In line with Presidential Enabling Business Environment Council (PEBEC) mandate, this reenactment is a strong demonstration of the Administration’s commitment to improving the business environment and ultimately Nigeria’s competitiveness.

The passage of the Bill was promoted by the Corporate Affairs Commission (CAC) and was made possible through the collaborative efforts of several public and private sector stakeholders supported by the Enabling Business Environment Secretariat (EBES), including the Senate, the House of Representatives, the National Assembly Business Environment Roundtable (NASSBER), the Nigerian Economic Summit Group and a number of leading commercial law firms in Nigeria.

Speaking on this positive development, Oduwole who is the Secretary of the Presidential Enabling Business Environment Council (PEBEC), said “this is a significant hurdle crossed in our efforts to help businesses grow in Nigeria and in driving our Ease of Doing Business ranking as a nation.

”We congratulate every Nigerian on this achievement, and we applaud the several partners that came together in partnership to make this work.

”We look forward to receiving the Bill for Mr President’s assent, and we are confident of the benefits this will bring to businesses to drive exponential growth in the next few years.”

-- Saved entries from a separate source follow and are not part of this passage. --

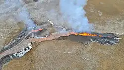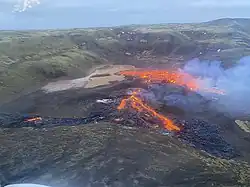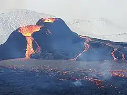 - ↑ Hildur Margrét Jóhannsdóttir: Hraun rennur yfir vestari varnargarðinn. In: ruv.is. Ríkisútvarpið – öffentlich-rechtliche Rundfunkanstalt Islands, 5. Juni 2021, abgerufen am 5. Juni 2021 (isländisch, Lava fließt über den westlichen Deich.).
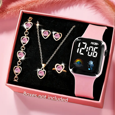 6pcs Women's Elegant & Cute Pink Smartwatch & Jewelry Set with Heart-Shaped Face, Interchangeable Strap, Necklace, Bracelet, Ring & Earrings - Digital Display Electronic Watch with Strap, Pink & Clear Bezel, Perfect for Daily
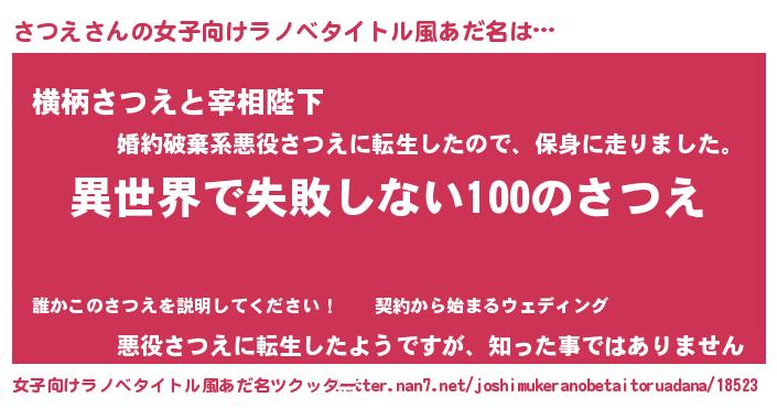 | 男性向けラノベタイトル風あだ名 | 『さつえという概念が存在しない退屈な世界 』 |
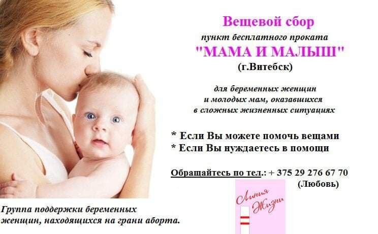 В июне 2021 года мы организовали информационную кампанию, оповещая жителей Витебской области об открытом инициативной группой "Линия жизни" (с которой мы сотрудничали в мае 2021 года при организации конкурса рисунков "Счастливое детство") пункте бесплатного проката "Мама и малыш", куда можно было сдать ненужные вещи, а нуждающиеся семьи могли затем их там получить. Об этом пункте очень мало кто знал, и мы решили эту проблему, напечатав целый тираж цветных буклетов, которые затем сами закрепили на досках объявлений в гинекологиях, пунктах социальной защиты, храмах и т.д.

Some other benefits of the landmark reform Bill include the promotion of policies that will enhance the regulatory environment for growth of Micro, Small and Medium Enterprises (MSMEs), reduce entry barriers for smaller businesses, enhance transparency and shareholder engagement, align regulatory frameworks with international best practice for competitiveness, and increase the efficiency of the regulatory process in line with today’s realities.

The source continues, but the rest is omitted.